Граво, как и ребенок в коридоре, исчез.
Доброджану толкнул дверь и вышел на пожарную лестницу. Он наклонился за шаткие перила и посмотрел на лежащий внизу двор.
– Бесполезно, – пробормотал он. – Совершенно бесполезно! – Он расстроенно покачал головой. – Что делать, – пробормотал он. – Что делать?
С лестницы в конце коридора раздался грохот, словно что-то упало. Сразу за этим мы услышали тяжелые «топ-топ-топ» какого-то крупного объекта, спускающегося по деревянным ступеням. Доброджану выхватил револьвер и со всех своих старых ног бросился к выходу на лестницу. Я шел в нескольких шагах позади, и сердце колотилось у меня в ушах, как эхо этого не увиденного падения. Наша лампа пыталась бороться с темнотой, но ее свет пробивался лишь фута на три. Доброджану положил руку мне на плечо.
– Останься здесь, – прошептал он. Он взял у меня лампу и пошел вниз на площадку третьего этажа. Вытянув руку с оружием перед собой, он свернул за угол, его тень четко отпечаталась на половицах, как будто отгравированная, и он пропал из виду. Свет лампы тоже пропал.
– О, нет, – долетел до меня его бестелесный голос. – О, нет.
Я пошел за светом. Посередине следующего пролета, привалившись спиной к стене, сидел Доброджану и держал в руках безжизненное тело Дэмиена Граво – его белая рубашка блестела свежей артериальной кровью, жизнерадостное лицо было обмотано теми же засаленными пеленками, в которые был завернут ребенок в коридоре. Его глаза были вырваны из глазниц и болтались по щекам на зрительных нервах.
– Я его нашел, – сказал Доброджану. Это было до абсурдности очевидное наблюдение.
Он положил тело на лестницу и встал, все еще опираясь на стену. Я взял со ступени лампу.
– Что мы будем делать? – прошептал я, хотя собственный голос показался мне ужасно громким.
– То, чему мы обучены, – мрачно ответил он, повторяя слова Торранса. Его серые глаза горели. Он крикнул вниз по лестнице: «Чанлер!» и сорвался с места, спускаясь со скоростью человека вдвое моложе него. Я догнал его на площадке первого этажа, где он остановился, прислушиваясь.
– Ты это слышишь? – спросил он.
Я покачал головой. Я не слышал ничего, кроме нашего тяжелого дыхания и где-то вдалеке «кап-кап» из трубы с водой. А потом я услышал его – тихий, жалобный плач ребенка. Казалось, он доносится отовсюду – и из ниоткуда.
– Он забрал ребенка, – прошептал Доброджану. Он посмотрел вниз на лестницу, ведущую в подвал, и нервно облизнул губы. Казалось, он рвется на части. – Как ты думаешь, это внизу?

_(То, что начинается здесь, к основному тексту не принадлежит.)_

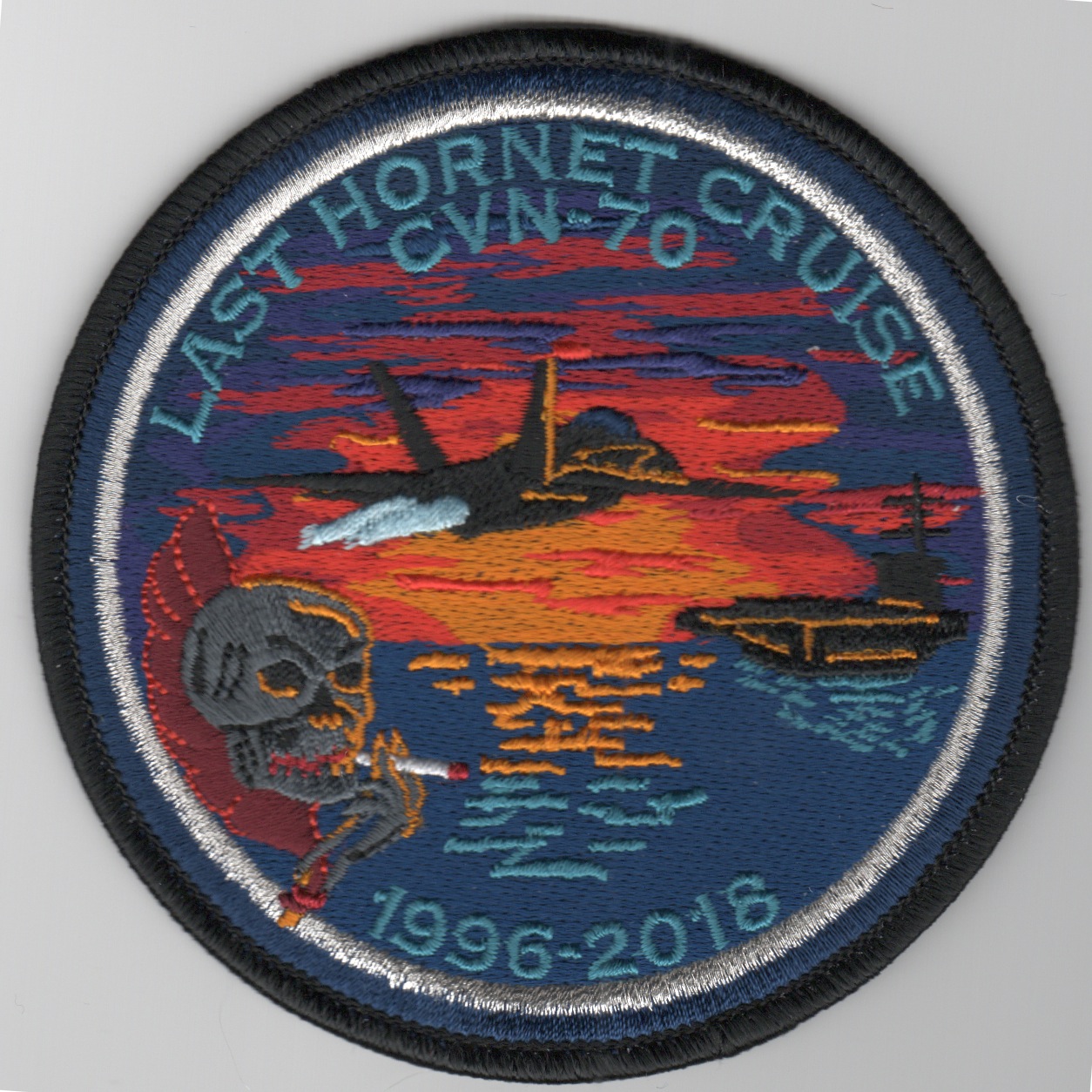 This is another AV8RSTUFF creation for the VFA-34 “Blue Blasters”. This is the ROUND version (above and below) of their 2018 “LAST HORNET CRUISE” before they transition to the F-35 after this deployment. This is an incredibly detailed, stitched patch with the text “LAST HORNET CRUISE CVN-70” (top) and 1996-2018 (bottom) with a lot of other details in it. Definitely, a MUST HAVE patch……no velcro on the back.

У нас были считаные минуты, чтобы принять решение. Если мы ошибемся – если он утащил ребенка на первый этаж, а мы пойдем в другое место, – то ребенок обречен. Мой напарник, умудренный многолетним опытом, был просто парализован.
– Нам надо разделиться, – сказал я. Он не ответил. – Сэр, вы меня слышите?
– Да, да, – пробормотал он. – Вот. – Он вложил мне в руку пистолет Граво с перламутровой рукояткой и кивнул в черноту под нами. – Оставь лампу себе, Уилл. Наверху мне хватит света.
* * *
И я начал спускаться, в самый низ, один.
Ступени сужались. Сочащиеся стены сдвигались. Меня обволакивала вонь нечистот. Канализационная труба прорвалась, никто ее не чинил, и подвал превратился в выгребную яму. Запах был почти нестерпимым. На полпути я начал давиться – у меня горело горло и мутило в животе. Теперь я ничего не слышал и поэтому приободрился: значит, его здесь нет. Но я знал, что для верности надо проверить.
Воды было больше чем на два фута, и ее покрывала желто-зеленая слизь. В этом стоячем вонючем бассейне плавали сломанные доски – останки бочек. Рядом с моими ногами проплыло тело огромной крысы, ее труп гнил и раздулся, разрывая кожу; что-то уже выело ей глаза. Я видел, как желтые клыки поблескивали в ее пасти, открытой в беззвучном крике.
Я остановился на последней ступеньке, на берегу этого зловонного подземного пруда. Я высоко поднял лампу, но она не могла рассеять тьму до конца. Дальний конец поглощала адская тень. А что это там покачивается на самом краю освещенного пятна? Сломанная доска? Старая бутылка? Покрытая нечистотами поверхность шевелилась, доски покачивались на вонючей черной воде. Я ничего не слышал, кроме размеренного «кап-кап» из протекающей трубы.
Я повернулся, собираясь уходить – здесь явно ничего не было, – когда у меня в голове заговорил голос. Это был голос моего хозяина:
«Внимание, Уилл Генри! Что ты замечаешь необычного с водой?»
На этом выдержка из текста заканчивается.